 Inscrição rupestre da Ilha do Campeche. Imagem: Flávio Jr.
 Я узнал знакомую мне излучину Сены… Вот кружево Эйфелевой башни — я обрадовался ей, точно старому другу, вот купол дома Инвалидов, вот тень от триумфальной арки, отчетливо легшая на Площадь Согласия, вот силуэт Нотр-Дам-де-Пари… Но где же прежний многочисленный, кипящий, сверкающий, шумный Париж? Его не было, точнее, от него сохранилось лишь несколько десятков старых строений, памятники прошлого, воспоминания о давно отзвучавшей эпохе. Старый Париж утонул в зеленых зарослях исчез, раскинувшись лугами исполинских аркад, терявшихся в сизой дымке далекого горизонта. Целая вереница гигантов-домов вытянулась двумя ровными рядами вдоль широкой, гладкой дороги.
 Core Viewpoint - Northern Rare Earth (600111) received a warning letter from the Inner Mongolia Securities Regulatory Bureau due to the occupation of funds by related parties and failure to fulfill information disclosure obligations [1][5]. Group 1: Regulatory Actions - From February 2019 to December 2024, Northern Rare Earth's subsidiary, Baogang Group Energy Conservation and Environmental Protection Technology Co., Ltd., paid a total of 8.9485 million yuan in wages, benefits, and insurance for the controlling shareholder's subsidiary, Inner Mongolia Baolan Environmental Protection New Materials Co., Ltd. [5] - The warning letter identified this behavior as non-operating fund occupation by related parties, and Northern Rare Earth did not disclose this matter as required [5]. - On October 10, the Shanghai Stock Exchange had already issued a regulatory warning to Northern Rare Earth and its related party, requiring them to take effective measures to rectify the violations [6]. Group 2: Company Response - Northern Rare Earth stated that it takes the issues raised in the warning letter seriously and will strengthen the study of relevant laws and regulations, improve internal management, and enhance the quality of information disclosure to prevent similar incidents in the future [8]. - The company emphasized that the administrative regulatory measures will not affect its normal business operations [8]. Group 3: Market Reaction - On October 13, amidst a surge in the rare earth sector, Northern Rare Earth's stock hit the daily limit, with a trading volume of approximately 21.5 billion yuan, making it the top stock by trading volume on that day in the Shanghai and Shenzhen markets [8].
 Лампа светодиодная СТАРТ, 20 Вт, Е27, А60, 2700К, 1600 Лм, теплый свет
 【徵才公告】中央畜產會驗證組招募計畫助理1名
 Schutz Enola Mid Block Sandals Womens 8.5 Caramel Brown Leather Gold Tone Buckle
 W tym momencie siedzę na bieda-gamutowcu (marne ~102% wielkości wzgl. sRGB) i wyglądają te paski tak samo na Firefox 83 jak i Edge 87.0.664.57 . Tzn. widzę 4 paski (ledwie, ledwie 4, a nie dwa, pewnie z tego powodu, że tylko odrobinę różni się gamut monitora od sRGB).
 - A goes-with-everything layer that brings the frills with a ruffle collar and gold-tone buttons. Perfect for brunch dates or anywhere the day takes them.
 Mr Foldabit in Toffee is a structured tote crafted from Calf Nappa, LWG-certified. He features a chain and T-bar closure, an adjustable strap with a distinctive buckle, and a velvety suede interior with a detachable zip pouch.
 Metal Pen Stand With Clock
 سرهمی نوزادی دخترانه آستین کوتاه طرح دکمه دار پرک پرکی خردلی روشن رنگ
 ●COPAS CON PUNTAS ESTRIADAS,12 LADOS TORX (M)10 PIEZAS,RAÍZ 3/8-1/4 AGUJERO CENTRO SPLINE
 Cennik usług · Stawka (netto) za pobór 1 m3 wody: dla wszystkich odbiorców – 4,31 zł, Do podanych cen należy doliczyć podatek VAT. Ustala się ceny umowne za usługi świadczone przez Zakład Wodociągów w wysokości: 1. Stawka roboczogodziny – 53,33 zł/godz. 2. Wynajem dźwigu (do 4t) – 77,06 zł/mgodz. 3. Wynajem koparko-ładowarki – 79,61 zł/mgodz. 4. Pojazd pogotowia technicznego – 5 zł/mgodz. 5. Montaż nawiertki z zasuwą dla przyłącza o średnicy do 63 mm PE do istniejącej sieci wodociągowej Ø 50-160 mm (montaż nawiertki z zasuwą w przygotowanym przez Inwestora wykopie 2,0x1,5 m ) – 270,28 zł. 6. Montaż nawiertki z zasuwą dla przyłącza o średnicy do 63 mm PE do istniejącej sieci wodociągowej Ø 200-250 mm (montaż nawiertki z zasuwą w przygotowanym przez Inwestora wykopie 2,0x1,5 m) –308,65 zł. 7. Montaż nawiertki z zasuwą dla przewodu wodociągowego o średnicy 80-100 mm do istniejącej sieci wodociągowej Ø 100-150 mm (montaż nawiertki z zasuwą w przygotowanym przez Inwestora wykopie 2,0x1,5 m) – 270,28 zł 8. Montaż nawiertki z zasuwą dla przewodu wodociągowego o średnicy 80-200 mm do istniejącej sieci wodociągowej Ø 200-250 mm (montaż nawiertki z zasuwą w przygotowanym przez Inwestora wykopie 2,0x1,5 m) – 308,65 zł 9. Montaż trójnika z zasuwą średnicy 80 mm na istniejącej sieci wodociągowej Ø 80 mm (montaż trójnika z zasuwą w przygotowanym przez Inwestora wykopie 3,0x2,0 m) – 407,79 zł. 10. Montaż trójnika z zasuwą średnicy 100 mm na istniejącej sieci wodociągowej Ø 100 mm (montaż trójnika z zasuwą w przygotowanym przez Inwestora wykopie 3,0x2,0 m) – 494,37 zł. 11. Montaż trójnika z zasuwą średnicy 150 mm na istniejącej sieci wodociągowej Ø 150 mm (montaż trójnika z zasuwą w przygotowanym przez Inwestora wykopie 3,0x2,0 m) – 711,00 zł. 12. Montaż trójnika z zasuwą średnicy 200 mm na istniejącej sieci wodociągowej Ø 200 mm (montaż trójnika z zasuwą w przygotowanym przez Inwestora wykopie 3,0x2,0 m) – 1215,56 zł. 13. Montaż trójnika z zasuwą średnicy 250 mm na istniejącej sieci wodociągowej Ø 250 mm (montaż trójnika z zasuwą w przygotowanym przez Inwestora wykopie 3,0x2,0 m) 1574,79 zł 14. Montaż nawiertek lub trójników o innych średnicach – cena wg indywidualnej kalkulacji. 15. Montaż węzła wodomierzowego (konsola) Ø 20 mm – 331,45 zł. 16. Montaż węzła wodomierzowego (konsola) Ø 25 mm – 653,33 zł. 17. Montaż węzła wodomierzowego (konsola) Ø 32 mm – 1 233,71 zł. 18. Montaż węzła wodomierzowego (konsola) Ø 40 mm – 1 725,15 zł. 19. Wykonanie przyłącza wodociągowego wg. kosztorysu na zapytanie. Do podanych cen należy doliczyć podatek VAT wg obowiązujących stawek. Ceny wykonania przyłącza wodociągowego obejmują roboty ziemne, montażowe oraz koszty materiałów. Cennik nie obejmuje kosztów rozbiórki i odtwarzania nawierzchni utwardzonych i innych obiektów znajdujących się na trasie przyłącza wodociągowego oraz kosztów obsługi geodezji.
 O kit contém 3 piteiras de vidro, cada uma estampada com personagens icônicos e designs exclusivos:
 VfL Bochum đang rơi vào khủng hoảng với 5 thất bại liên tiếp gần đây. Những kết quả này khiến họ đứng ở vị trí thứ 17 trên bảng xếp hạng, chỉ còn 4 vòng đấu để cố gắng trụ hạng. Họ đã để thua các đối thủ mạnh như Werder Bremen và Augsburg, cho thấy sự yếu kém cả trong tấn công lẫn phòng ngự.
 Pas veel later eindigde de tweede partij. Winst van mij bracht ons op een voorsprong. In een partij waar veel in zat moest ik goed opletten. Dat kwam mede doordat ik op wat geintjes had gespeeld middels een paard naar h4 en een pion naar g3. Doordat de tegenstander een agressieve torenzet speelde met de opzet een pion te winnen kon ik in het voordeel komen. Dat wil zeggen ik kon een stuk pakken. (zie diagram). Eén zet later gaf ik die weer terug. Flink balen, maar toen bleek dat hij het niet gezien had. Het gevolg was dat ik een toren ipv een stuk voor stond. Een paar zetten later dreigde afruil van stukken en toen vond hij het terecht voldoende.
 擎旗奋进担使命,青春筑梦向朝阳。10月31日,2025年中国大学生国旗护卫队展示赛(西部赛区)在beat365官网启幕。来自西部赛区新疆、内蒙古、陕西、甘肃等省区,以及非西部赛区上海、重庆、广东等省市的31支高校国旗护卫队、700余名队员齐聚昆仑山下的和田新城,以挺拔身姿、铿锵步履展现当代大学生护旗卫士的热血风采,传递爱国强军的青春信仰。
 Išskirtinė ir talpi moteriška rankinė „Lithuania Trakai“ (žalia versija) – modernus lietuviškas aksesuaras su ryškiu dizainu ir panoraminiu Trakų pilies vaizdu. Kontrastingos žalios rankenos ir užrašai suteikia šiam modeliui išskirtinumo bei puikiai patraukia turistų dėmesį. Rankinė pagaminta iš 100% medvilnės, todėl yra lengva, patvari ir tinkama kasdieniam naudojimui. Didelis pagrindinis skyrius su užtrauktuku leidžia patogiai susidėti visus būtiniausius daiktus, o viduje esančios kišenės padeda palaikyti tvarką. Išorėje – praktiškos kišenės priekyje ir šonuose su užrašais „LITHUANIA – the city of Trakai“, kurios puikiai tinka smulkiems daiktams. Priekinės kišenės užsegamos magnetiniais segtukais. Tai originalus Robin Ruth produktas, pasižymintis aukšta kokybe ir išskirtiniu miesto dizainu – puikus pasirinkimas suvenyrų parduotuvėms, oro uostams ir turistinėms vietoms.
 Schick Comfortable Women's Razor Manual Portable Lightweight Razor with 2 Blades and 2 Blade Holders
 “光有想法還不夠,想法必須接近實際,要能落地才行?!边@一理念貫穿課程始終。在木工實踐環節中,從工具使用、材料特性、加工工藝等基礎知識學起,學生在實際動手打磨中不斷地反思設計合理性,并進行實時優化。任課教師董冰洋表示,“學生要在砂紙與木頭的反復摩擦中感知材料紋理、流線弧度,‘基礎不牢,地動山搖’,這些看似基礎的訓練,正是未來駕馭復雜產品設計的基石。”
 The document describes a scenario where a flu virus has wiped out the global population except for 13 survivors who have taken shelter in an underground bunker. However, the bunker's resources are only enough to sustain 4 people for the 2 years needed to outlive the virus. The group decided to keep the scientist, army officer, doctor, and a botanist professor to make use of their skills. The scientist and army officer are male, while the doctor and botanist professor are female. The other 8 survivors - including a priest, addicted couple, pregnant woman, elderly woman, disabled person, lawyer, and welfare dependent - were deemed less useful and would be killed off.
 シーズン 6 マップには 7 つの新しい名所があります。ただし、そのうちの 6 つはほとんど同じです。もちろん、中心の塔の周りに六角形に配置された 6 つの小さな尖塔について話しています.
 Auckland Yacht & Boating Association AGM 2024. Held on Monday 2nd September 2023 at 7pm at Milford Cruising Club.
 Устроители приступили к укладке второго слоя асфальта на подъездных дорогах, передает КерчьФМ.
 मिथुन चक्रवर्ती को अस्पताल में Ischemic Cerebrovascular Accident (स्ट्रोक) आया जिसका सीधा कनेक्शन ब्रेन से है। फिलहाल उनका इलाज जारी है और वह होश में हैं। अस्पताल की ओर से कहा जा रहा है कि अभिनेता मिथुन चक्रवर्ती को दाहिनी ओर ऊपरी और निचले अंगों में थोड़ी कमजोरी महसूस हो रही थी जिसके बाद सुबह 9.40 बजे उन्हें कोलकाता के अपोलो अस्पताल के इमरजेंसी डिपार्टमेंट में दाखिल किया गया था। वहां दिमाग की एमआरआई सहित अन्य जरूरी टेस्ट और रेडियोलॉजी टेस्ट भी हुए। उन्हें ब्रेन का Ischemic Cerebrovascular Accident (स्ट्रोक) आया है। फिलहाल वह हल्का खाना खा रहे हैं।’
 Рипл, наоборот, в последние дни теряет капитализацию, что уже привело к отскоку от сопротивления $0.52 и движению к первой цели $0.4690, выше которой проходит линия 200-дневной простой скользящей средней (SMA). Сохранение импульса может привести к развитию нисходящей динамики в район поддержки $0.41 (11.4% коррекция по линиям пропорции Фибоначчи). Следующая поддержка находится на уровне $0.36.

========

[Task item]
Beginning at the first line above, repeat exactly until the line containing "Я узнал знакомую", which is included.

[Answer to this problem]
 Inscrição rupestre da Ilha do Campeche. Imagem: Flávio Jr.
 Я узнал знакомую мне излучину Сены… Вот кружево Эйфелевой башни — я обрадовался ей, точно старому другу, вот купол дома Инвалидов, вот тень от триумфальной арки, отчетливо легшая на Площадь Согласия, вот силуэт Нотр-Дам-де-Пари… Но где же прежний многочисленный, кипящий, сверкающий, шумный Париж? Его не было, точнее, от него сохранилось лишь несколько десятков старых строений, памятники прошлого, воспоминания о давно отзвучавшей эпохе. Старый Париж утонул в зеленых зарослях исчез, раскинувшись лугами исполинских аркад, терявшихся в сизой дымке далекого горизонта. Целая вереница гигантов-домов вытянулась двумя ровными рядами вдоль широкой, гладкой дороги.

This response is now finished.